__WORK INSTRUCTION__:
Among the entries below, find the line with "Главный редактор радиостанции", then quote it and each following line up to and including the line with "The tail light on", and nothing else.

**** GIVEN RECORDS

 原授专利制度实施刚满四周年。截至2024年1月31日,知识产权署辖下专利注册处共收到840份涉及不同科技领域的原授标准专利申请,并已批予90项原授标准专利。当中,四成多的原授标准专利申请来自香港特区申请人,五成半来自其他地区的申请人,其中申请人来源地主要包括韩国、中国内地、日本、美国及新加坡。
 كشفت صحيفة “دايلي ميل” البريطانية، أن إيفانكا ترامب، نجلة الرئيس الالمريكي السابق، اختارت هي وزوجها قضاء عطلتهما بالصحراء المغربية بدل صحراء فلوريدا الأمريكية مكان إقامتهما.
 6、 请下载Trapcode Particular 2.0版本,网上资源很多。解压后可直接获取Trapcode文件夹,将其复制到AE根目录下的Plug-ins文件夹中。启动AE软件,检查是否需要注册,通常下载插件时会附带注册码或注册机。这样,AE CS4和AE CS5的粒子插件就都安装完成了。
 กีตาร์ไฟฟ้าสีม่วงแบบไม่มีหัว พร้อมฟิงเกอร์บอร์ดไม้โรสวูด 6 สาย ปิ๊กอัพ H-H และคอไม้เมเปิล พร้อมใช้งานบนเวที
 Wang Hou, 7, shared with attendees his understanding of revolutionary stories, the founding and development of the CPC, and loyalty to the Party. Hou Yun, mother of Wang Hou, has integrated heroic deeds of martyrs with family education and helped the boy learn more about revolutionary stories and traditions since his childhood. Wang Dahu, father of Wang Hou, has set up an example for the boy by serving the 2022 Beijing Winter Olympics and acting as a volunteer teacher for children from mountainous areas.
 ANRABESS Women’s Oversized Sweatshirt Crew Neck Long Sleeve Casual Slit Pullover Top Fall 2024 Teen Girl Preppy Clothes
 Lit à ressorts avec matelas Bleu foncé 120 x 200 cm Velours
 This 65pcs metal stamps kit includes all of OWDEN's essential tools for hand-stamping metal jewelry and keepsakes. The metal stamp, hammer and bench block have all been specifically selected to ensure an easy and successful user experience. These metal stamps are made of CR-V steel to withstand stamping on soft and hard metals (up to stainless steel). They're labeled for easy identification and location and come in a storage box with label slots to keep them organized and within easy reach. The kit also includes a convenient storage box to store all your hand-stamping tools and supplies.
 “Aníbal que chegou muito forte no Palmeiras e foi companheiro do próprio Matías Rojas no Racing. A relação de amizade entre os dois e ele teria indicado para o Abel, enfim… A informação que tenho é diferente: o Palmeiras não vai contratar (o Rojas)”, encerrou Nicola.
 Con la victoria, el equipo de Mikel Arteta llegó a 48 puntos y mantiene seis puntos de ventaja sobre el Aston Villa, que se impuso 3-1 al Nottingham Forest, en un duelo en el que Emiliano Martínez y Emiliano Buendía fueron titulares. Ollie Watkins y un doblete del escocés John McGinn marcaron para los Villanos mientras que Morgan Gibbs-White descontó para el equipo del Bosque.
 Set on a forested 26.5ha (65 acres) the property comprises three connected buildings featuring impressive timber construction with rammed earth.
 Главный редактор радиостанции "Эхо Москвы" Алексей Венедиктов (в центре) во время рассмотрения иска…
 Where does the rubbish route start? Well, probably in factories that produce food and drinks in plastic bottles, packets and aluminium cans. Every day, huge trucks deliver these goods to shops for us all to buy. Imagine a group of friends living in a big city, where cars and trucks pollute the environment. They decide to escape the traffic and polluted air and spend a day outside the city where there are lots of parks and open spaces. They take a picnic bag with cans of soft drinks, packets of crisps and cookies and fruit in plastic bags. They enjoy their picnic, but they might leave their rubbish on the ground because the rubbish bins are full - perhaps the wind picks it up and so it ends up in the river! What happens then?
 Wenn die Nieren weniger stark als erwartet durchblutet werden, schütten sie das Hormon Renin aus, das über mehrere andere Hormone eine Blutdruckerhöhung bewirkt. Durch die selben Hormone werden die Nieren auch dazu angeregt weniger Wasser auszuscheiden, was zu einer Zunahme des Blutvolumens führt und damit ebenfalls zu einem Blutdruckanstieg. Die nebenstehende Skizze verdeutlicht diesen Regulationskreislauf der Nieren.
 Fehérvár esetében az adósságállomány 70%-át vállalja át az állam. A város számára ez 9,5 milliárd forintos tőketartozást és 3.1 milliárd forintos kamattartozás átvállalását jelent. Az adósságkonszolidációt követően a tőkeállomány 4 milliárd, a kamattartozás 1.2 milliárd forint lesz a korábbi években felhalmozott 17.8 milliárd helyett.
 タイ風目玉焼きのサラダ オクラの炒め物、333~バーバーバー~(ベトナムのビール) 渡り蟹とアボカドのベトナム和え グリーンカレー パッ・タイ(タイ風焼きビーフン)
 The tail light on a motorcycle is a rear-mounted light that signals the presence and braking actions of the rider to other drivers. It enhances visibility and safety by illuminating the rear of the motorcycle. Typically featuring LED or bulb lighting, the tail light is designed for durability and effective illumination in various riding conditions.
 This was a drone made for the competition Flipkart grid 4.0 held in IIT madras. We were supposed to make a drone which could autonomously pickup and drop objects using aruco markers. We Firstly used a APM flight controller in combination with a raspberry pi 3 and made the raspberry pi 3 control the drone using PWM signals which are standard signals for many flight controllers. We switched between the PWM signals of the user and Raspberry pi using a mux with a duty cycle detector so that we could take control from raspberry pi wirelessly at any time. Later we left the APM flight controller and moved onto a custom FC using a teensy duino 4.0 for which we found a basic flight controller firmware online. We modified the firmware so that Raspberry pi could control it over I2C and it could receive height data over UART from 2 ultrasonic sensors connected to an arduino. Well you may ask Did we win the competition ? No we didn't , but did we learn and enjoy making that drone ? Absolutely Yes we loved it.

********

__REPLY TO THE EXERCISE__:
 Главный редактор радиостанции "Эхо Москвы" Алексей Венедиктов (в центре) во время рассмотрения иска…
 Where does the rubbish route start? Well, probably in factories that produce food and drinks in plastic bottles, packets and aluminium cans. Every day, huge trucks deliver these goods to shops for us all to buy. Imagine a group of friends living in a big city, where cars and trucks pollute the environment. They decide to escape the traffic and polluted air and spend a day outside the city where there are lots of parks and open spaces. They take a picnic bag with cans of soft drinks, packets of crisps and cookies and fruit in plastic bags. They enjoy their picnic, but they might leave their rubbish on the ground because the rubbish bins are full - perhaps the wind picks it up and so it ends up in the river! What happens then?
 Wenn die Nieren weniger stark als erwartet durchblutet werden, schütten sie das Hormon Renin aus, das über mehrere andere Hormone eine Blutdruckerhöhung bewirkt. Durch die selben Hormone werden die Nieren auch dazu angeregt weniger Wasser auszuscheiden, was zu einer Zunahme des Blutvolumens führt und damit ebenfalls zu einem Blutdruckanstieg. Die nebenstehende Skizze verdeutlicht diesen Regulationskreislauf der Nieren.
 Fehérvár esetében az adósságállomány 70%-át vállalja át az állam. A város számára ez 9,5 milliárd forintos tőketartozást és 3.1 milliárd forintos kamattartozás átvállalását jelent. Az adósságkonszolidációt követően a tőkeállomány 4 milliárd, a kamattartozás 1.2 milliárd forint lesz a korábbi években felhalmozott 17.8 milliárd helyett.
 タイ風目玉焼きのサラダ オクラの炒め物、333~バーバーバー~(ベトナムのビール) 渡り蟹とアボカドのベトナム和え グリーンカレー パッ・タイ(タイ風焼きビーフン)
 The tail light on a motorcycle is a rear-mounted light that signals the presence and braking actions of the rider to other drivers. It enhances visibility and safety by illuminating the rear of the motorcycle. Typically featuring LED or bulb lighting, the tail light is designed for durability and effective illumination in various riding conditions.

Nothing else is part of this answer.